The SNMP event detector in NX-OS does not support a delta or incremental polling type so counter objects cannot be properly monitored. This makes it difficult to monitor things such as interface utilization. This solution repurposes the SNMP ED along with a Tcl script and a hidden VSH command to provide syslog alerting if any of a list of interfaces exceeds a configurable threshold.
First, configure an EEM applet using the SNMP ED. This applet will monitor sysUpTime and fire whenever sysUpTime is greater than 0. This will always be true. The point of this applet is to run each time the polling interval pops and execute the Tcl script.
event manager applet ifTimer
event snmp oid 1.3.6.1.2.1.1.3.0 get-type exact entry-op gt entry-val 0 poll-interval 30
action 1.0 cli tclsh bootflash:if_util.tcl
In this example, the applet will run every 30 seconds and fire off the if_util.tcl script. It is the job of this script to check the interface utilization.
The attached Tcl script will check two EEM environment variables. The first provides a comma-separated list of interfaces to check. The second specifies the threshold.
event manager environment if_util_intfs "e3/1,e3/2,e4/1"
event manager environment if_util_threshold "90"

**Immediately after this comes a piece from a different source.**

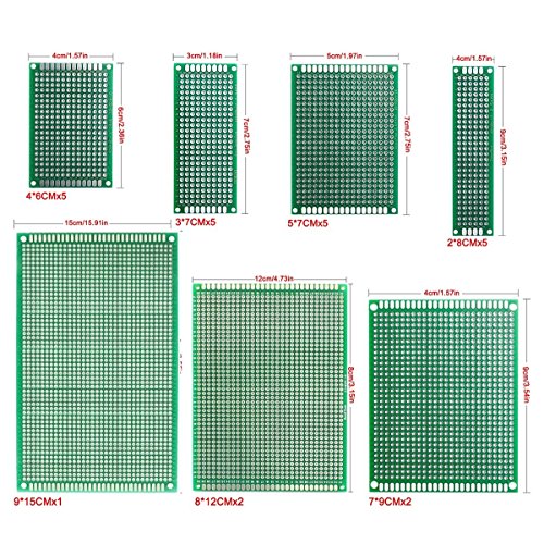 Scheda PCB: ci sono 25 schede in 7 diverse dimensioni, 5pcs 2x8cm, 5pcs 3x7cm, 5pcs 4x6cm, 5pcs 5x7cm, 2pcs 7x9cm, 2pcs 8x12cm, 1pc 9x15cm, che permettono di adattarsi ai tuoi componenti, senza bisogno di tagliare una grande piastra perforata, e puoi anche forare i lati per l'integrazione delle piastre.

In this example, the script will monitor the utilization of Ethernet3/1, Ethernet3/2, and Ethernet4/1 (using the "show interface" command). If any of the iterfaces' utilization is over 90%, a syslog message will be generated for that interface. That syslog will look like:
%USER-2-SYSTEM_MSG: systest from 0: Interface e3/1 exceeded 90% utilization threshold: Tx: 91%, Rx: 60% - vsh
This solution has been tested on a Nexus 7K running 6.0(3). NX-OS 5.2 or higher should also work with this solution.